You know, as I was telling TFB in an email minutes ago, being strong physically and morally is helping me to deal with my vulnerable side. I wanna be strong, I want to be powerful. I want to show I'm not a whimp. I am a woman, I'm feminine but I'm not incapable. I grew up in a household that did not give us the possibility to be both feminine and courageous/strong. I want to be able to cook awesomely yummy food and work my ass off physically. I want the best of both world. I want it all. I can, I am me, a capable, intelligent,caring and strong woman and yet at the same I have a very vulnerable side. I'm very sweet and nurturing and I DO want the best of those two worlds.
Do you not want the same?
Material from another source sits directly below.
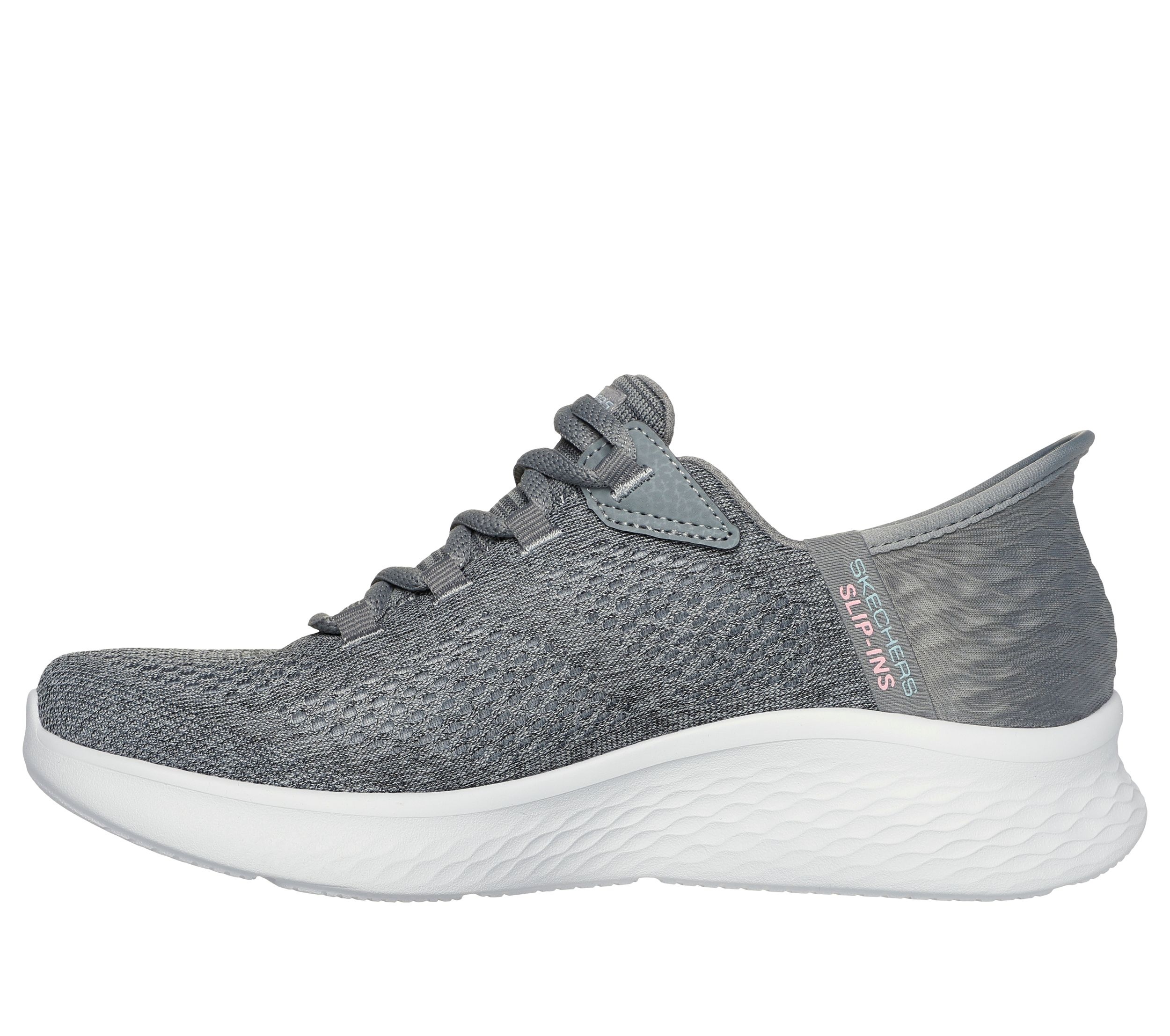 Step into comfort with Skechers Hands Free Slip-ins®: Skech-Lite Pro - Natural Beauty. Designed with our exclusive Heel Pillow™, this lace-up vegan design features an engineered heathered mesh upper with a cushioned Skechers Air-Cooled Memory Foam® insole.

Why should we women just be good in bed or at being pretty and nurturing? Why can't we have it all? The strength, the power, the intelligence, and yet the caring, nurturing, motherly side? I want people to remember me as ME.
If I were to die today, I'd want written on my epitaph " She could do it all".
I have to be careful, I have a lot of pride, I have a tendency to overdo, I push myself. This morning after 3 hours of shoveling TFB said "Girl, you're exhausted, it's OK to stop and relax a bit. I can see it, you're drained, it's OK to stop". Later he told me that pride is bad, it's ok to have limits, it's more OK to listen to them and respect them. He's right! He's a wise guy and when he tells me stuff like this, I always know he's right and I believe him.
Lesson 1: Challenging yourself is great.
Lesson 2: Snow is damn heavy, especially after being on the roof since November and after tons of it plus rain and cold and snow and snow... (You get the picture)
Lesson 3: Always go on a roof with people you trust.
Lesson 4: The day after such a heavy exercice is going to be hard, so did TTF say.
Lesson 5: Fleece mitens weren't such a good idea! Those POS were soaked within an hour.
I'm dragging my ass back to my show. 5th season of Fortier.